LEGO Group is a worldwide, well-known toy manufacturing company. In 2004, the company was faced with a major financial crisis and a major decision to make. Do they try to save the business or not? Through strategic analysis of the company’s external and internal environments, many contributing factors became evident. External Analysis The external environment facing LEGO “consists of many external conditions and forces that have the potential to influence their organization” (Ketchen and Short). The external environment is analyzed through macroenvironmental, industry, and opportunities and threats. Macroenvironmental Analysis The PEST analysis organizes and identifies how macroenvironmental factors affect LEGO. Political. Trends within the political segment shaped LEGO throughout the years.
First, outsourcing toy manufacturing to China created employment overseas, meaning an increase in overseas household spending. Star Wars also became a popular trend, making references to fighting and crime in the world. This significantly impacted toymakers, specifically LEGO, by providing an opportunity to incorporate new trends into their products. LEGO was also influenced by regulations that supported safer toys; they needed extra safety precautions when creating products. Economic. The 2004 LEGO crisis is related to the overall economics of the 2000s, when the global economy slowed down, decreasing household spending. As unemployment rose, consumers were discouraged from purchasing LEGO products, because they were unessential.
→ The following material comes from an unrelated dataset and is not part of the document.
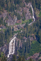 The two large lakes in the upper Bacon Creek drainage – Green Lake and Berdeen Lake – are situated at high elevations such that their outlets must drop over waterfalls of significant size in order to reach the floor of the valley. While the falls emanating form Green Lake are taller, Bacon Creek itself formally emerges from Berdeen Lake and is a larger stream. After it exits from Lower Berdeen Lake, Bacon Creek makes a sharp left-hand turn and plunges over the complex, multi-stepped Berdeen Falls. The uppermost tier is a narrow but nearly sheer plunge of some 325 feet (though potentially taller and possibly with some smaller tiers just above, though when surveyed from a distance we were not able to see any). At the base of the initial leap, the creek makes a sharp bend back to the right and commences a long sliding series of cascades where the creek drops another 200 feet. The cascades terminate immediately in the second major drop, a broad free-falling plunge of about 275 feet, and this is again followed by a series of steep cascades which drop another 100 feet, bringing the total drop of the falls to around 900 vertical feet.

This unstable economy resulted in a decrease in sales for LEGO.
Another trend in the economic segment was the decreased cost of outsourcing. Companies began outsourcing manufacturing to Asia, because labor was cheaper. In addition, when the Berlin Wall fell, LEGO saw a steady growth in sales, but it was not enough. Lastly, most LEGO purchases happened seasonally, meaning LEGO needed to adjust their internal environment to reflect the consumer external buying habits. Sociocultural. Sociocultural factors affecting LEGO included declining birth rates, change in children’s behavior, and the use of educational toys. Birth rates in Western Europe and Northern America declined, providing a major threat to LEGO, since they originally targeted young children. Children’s attention spans also shortened and they wanted instant gratification.